LiteLLM provides support for HuggingFace models through multiple deployment options: HuggingFace Inference API, dedicated endpoints, and provider-specific routing.

Quick Start

Install LiteLLM

pip install litellm

Set API Key

export HUGGINGFACE_API_KEY="hf_..."

Make Your First Call

from litellm import completion

response = completion(
    model="huggingface/meta-llama/Llama-3.3-70B-Instruct",
    messages=[{"role": "user", "content": "Hello!"}]
)
print(response.choices[0].message.content)

Deployment Options

Inference API
Dedicated Endpoint
Provider Routing

Use HuggingFace’s serverless Inference API.

from litellm import completion

response = completion(
    model="huggingface/meta-llama/Llama-3.3-70B-Instruct",
    messages=[{"role": "user", "content": "Explain AI"}]
)

Use your own HuggingFace endpoint URL.

from litellm import completion

response = completion(
    model="huggingface/https://your-endpoint.aws.endpoints.huggingface.cloud",
    messages=[{"role": "user", "content": "Hello!"}],
    api_key="hf_..."
)

Route through specific providers via HuggingFace Router.

from litellm import completion

# Route through Fireworks AI
response = completion(
    model="huggingface/fireworks-ai/meta-llama/Llama-3.3-70B-Instruct",
    messages=[{"role": "user", "content": "Hello!"}]
)

# Route through Novita
response = completion(
    model="huggingface/novita/meta-llama/Llama-3.3-70B-Instruct",
    messages=[{"role": "user", "content": "Hello!"}]
)

Authentication

Environment Variable
Direct Parameter

export HUGGINGFACE_API_KEY="hf_..."
# Or
export HF_API_BASE="https://your-endpoint.huggingface.cloud"

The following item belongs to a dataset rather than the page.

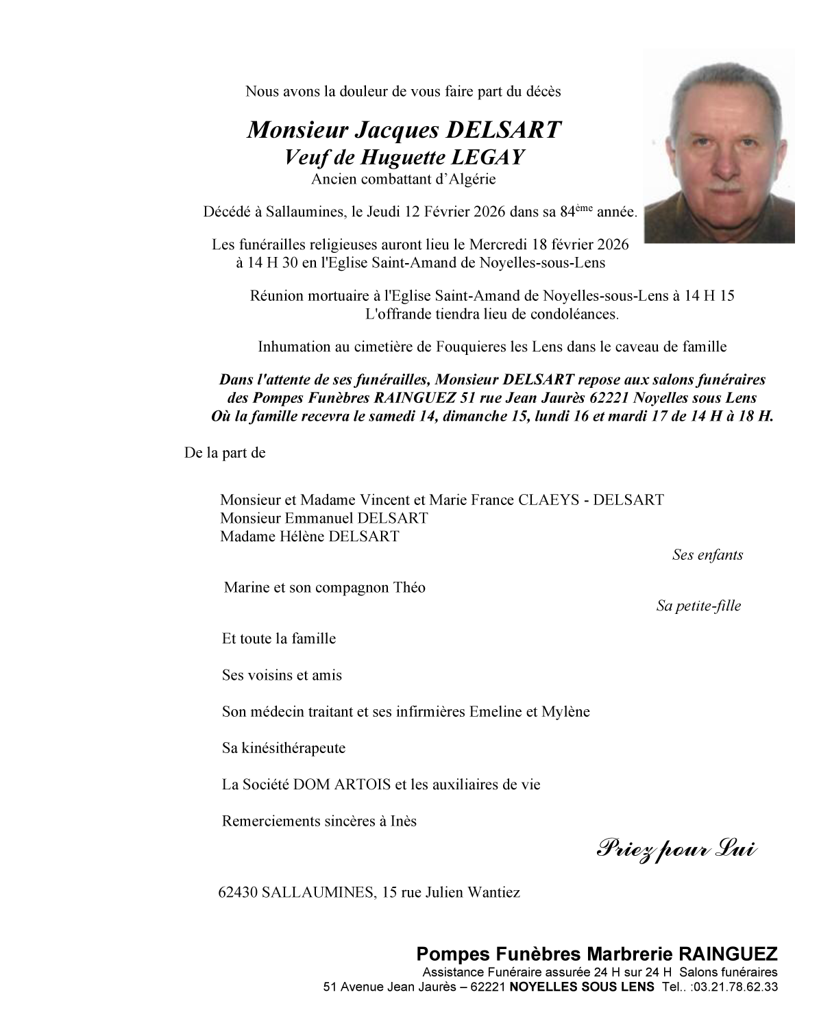 Décédé à Sallaumines (62430, France) le jeudi 12 février 2026 à l'âge de 83 ans

from litellm import completion

response = completion(
    model="huggingface/meta-llama/Llama-3.3-70B-Instruct",
    messages=[{"role": "user", "content": "Hello!"}]
)

from litellm import completion

response = completion(
    model="huggingface/meta-llama/Llama-3.3-70B-Instruct",
    messages=[{"role": "user", "content": "Hello!"}],
    api_key="hf_...",
    api_base="https://api-inference.huggingface.co/models"
)

Chat Completions

from litellm import completion

response = completion(
    model="huggingface/meta-llama/Llama-3.3-70B-Instruct",
    messages=[
        {"role": "system", "content": "You are a helpful assistant."},
        {"role": "user", "content": "Explain quantum computing"}
    ],
    temperature=0.7,
    max_tokens=500
)

print(response.choices[0].message.content)

Streaming

from litellm import completion

response = completion(
    model="huggingface/meta-llama/Llama-3.3-70B-Instruct",
    messages=[{"role": "user", "content": "Write a story"}],
    stream=True
)

for chunk in response:
    if chunk.choices[0].delta.content:
        print(chunk.choices[0].delta.content, end="")

Embeddings

HuggingFace supports various embedding models.

Sentence Transformers
BGE Models
Custom Endpoint

from litellm import embedding

response = embedding(
    model="huggingface/sentence-transformers/all-MiniLM-L6-v2",
    input=["Text to embed", "Another text"]
)

embeddings = [data.embedding for data in response.data]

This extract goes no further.